Dipping for sub-aquatic beasties

Wednesday, August 8th 2018

On today's Pond Dipping - Discover the Depths! event we were running all three dipping platforms for the first time this year.

Our 22 strong group of Pond Dippers found all manner of things, including various beetle larvae, fish, midge nymphs, water boatman, dragonfly and damselfly nymphs, pond skaters, whirligig beetles and two Great Diving Beetles.  

Great Diving Beetles undergo complete metamorphosis, meaning that they have a four staged life cycle; egg, larva, pupa and adult, with some living for up to 3 years in their adult form!

If you cast your mind back to the 11th June I mentioned that the Great Diving Beetle larvae was a 'fierce predator', the same can certainly be said of the adult form, which will also hunt smaller invertebrates, tadpoles and small fish.

Aquatic beetles began colonising the land having evolved over millions of years, and as such still rely on atmospheric oxygen, returning to the surface of the pond to replenish their supply of air which they store beneath hardened fore wings (elytra) which also serve to protect their membranous hind wings. 
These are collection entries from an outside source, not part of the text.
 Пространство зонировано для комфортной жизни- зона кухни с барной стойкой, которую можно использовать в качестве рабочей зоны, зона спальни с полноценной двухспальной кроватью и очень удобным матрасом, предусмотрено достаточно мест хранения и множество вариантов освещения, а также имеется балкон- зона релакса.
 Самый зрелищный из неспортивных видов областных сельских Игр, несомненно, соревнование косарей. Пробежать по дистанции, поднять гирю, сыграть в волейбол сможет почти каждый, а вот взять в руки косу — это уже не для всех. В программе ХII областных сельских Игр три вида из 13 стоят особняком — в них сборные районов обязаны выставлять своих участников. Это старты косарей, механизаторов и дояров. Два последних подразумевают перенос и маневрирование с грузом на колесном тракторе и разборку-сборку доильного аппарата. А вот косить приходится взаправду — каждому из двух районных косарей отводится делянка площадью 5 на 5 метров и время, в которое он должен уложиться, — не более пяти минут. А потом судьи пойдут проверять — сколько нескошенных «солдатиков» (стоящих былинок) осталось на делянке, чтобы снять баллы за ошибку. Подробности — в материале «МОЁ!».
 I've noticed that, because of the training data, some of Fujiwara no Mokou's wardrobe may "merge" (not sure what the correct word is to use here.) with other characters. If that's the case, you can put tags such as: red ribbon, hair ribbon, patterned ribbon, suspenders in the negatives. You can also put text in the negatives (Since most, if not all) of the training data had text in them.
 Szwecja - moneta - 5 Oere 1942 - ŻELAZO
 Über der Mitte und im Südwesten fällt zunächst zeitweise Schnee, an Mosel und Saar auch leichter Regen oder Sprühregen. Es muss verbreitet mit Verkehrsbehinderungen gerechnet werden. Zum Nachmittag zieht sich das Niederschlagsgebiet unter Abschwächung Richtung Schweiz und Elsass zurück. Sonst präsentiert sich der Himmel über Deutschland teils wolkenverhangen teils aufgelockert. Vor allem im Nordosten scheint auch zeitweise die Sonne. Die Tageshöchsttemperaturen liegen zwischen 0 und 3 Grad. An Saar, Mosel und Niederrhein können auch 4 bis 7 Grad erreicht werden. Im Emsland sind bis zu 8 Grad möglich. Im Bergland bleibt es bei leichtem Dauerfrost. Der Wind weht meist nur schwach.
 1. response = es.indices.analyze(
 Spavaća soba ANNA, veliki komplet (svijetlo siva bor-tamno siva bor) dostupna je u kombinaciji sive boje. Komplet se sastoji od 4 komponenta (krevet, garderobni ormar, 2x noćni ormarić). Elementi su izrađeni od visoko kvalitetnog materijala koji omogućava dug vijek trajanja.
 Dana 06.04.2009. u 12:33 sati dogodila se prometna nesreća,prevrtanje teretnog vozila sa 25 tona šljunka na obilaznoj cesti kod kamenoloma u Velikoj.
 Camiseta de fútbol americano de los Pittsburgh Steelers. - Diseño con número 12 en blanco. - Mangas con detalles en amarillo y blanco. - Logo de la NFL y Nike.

Despite being so heavily armoured adult Great Diving Beetles are able to fly, and will do so when colonising new ponds. They will do this when competition for food is too high, in order to search for mates, or to find more suitable habitat.

It is plausible that a few adults many have chosen the bottom pond on the Scrapes because it is deeper and so less likely to freeze all the way to the bottom in winter, allowing them to hibernate in the plant matter and detritus at the bottom.